At QCon London 2026, Clara Higuera, Responsible AI Program Lead at BBVA, announced that many of the risks associated with AI systems are fundamentally engineering challenges rather than pure governance or policy issues. This session explored how AI systems are being integrated into critical products and decision-making processes. As deployments continue, failures in these systems can have significant real-world consequences. This shift requires engineers to treat the ethical properties of AI systems with the same rigor they apply to reliability, performance, and security.

The lecture began with the widely publicized case in the United States in which Robert Williams was wrongly arrested after being mistakenly identified by a facial recognition system. Incidents like this highlight how algorithmic errors can directly impact individuals and communities.
Such failures are often caused by technical choices made during development. Training datasets may not be representative of the population affected by the system, model architectures may lack explainability, and evaluation pipelines may fail to detect bias before deployment.
The talk emphasized that rather than viewing these issues as external policy concerns, they originate within the engineering process itself.

AI systems encode values built into the design.

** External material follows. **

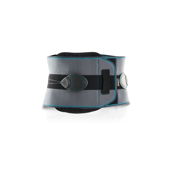 Este corset se concentra na imobilização e proteção lombar, oferecendo uma fixação firme que se adapta à anatomia do usuário. Seu sistema de ajuste por meio de multipoleas, junto com seus componentes semi-rígidos e termoformáveis, permite regular o grau de imobilização e garante uma compressão homogênea sem esforço.

Decisions about data collection, feature engineering, model architecture, and evaluation metrics can all impact how the system behaves in production. For example, biased results in loan approvals, recruitment processes, or medical diagnostics can be caused by unrepresentative training data or poorly defined optimization goals. Without explicit checks, the model can reinforce historical biases present in the dataset.
According to the presentation, incorporating ethical principles into the AI lifecycle requires engineers to ask questions throughout development rather than after deployment. This includes assessing the representativeness of datasets, measuring model behavior across demographic groups, and ensuring the system is observable after deployment. The talk highlighted several principles that guide AI system design. Fairness, transparency, security, sustainability, and accountability were presented as important factors that engineers must consider when building AI-powered systems.
Equity requires evaluating how a model performs across different groups and ensuring that outcomes do not systematically disadvantage certain groups. Transparency involves increasing the interpretability and explainability of models so that stakeholders understand how decisions are made.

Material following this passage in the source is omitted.